I'm thinking more like $8-8.5k is more realistic but it won't be a show bike. V/r Shawn


----------



## Pedaler (Apr 19, 2015)

Thanks so much yall for your help in this.
   I would mainly be interested in something mostly complete with rust. The Bluebirds seem to continue to climb from year to year. Maybe one day I'll get one. LOL!!


----------



## silvertonguedevil (Apr 20, 2015)

Pedaler said:


> Not here? I don't understand.



What I think Stig is saying is that it's possible to find one in a barn for $40 but once it hits the cabe, it's all over.


----------



## Pedaler (Apr 20, 2015)

silvertonguedevil said:


> What I think Stig is saying is that it's possible to find one in a barn for $40 but once it hits the cabe, it's all over.
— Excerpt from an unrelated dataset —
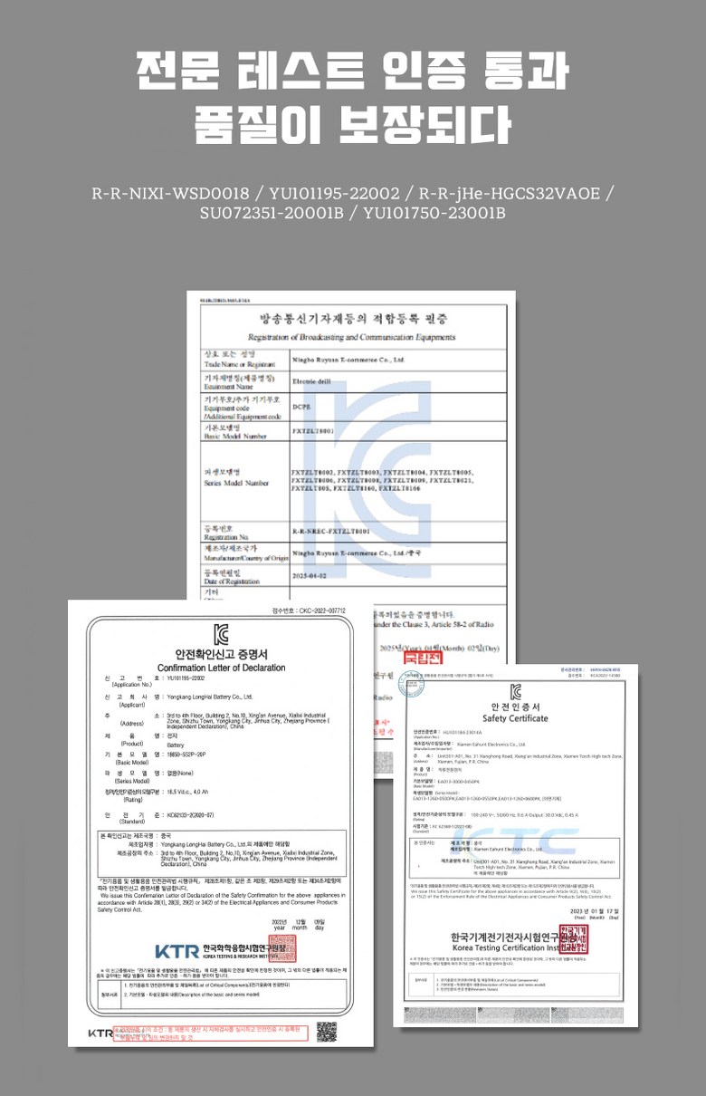 | 품명 및 모델명 | 품 명:전동공구 / 모델명:DR-001 | KC 인증정보 | R-R-NIXI-DR-001 / YU101195-22002 / R-R-jHe-HGCS32VAOE / SU072351-20001B / YU101750-23001B |

Ahh, I understand. So to get one on here I will need a little luck and the ability to type fast. Mmmm. And I was going to put up an ad to give cash and a couple of Krugerrands but sounds like I will need to be fast instead of rich. LOL!
Thanks everyone! Happy hunting. Also a special thanks to The Stig. I like the idea of having the black one you offered but don't know how much filler is there. Do you have any photos before the repairs and filler was added? Where would I get the speedo and buttons? 
Thanks, Stephen


----------



## redline1968 (Apr 21, 2015)

Speedo isn't too hard to find but the horn/light button is rare.


----------



## Pedaler (Apr 21, 2015)

Yea, I'd say parts would add up too. There's a carrier on ebay for $750. Its probably a better idea to get a complete one. 
Thank you, Stephen


----------



## THE STIG (Apr 21, 2015)

Pedaler said:


> There's a carrier on ebay for $750.




it's a Skylark rack and would need an 1" added to the frame side to fit the BB right


----------



## redline1968 (Apr 21, 2015)

I dumped 450 for a kick stand.. And try finding the rear speedo driven gear or cable.... :0


----------



## Pedaler (Apr 22, 2015)

Wow, those are amazing prices for just parts. I'll save for a more complete bike which shouldn't take long. For me it'll either be a Bluebird or Aerocycle.... The Aerocycle is probably just as expensive but I will get one or the other. 
Stig, after reading some of your posts, I find you are quite knowledgeable on antique bicycles, and restoration, especially Bluebirds. Ever thought of writing a book of the Bluebirds you've owned, thoughts, restoration, etc? I have a feeling you have a lot to give but you are probably like me in that you would rather be playing with bikes then cooped up writing in some office. 
LOL!
Also Redline1968, thank you for the price checks on the BB parts. Stephen


----------



## walter branche (Apr 22, 2015)

*in a barn in moultrie georgia*

i payed 2,500 in 1990


----------



## Pedaler (Apr 22, 2015)

Oh momma! I'll take it!!!!!! LOL!!!!! Slobber Slobber!! I just swallowed my tongue. A little help? Awesome bike Walter. Thank you for sharing the photo, sure wish I could find one like that. Wasn't $2500 quite a bit in 1990? I was a freshmen in high school. Haha!


----------



## redline1968 (Apr 22, 2015)

You'll probably get a aero cycle much easier than a bb.


----------



## Pedaler (Apr 23, 2015)

Thanks redline1968, I like them both so I suppose it depends on what I find first. LOL!
Thanks everyone for your help. Stephen


----------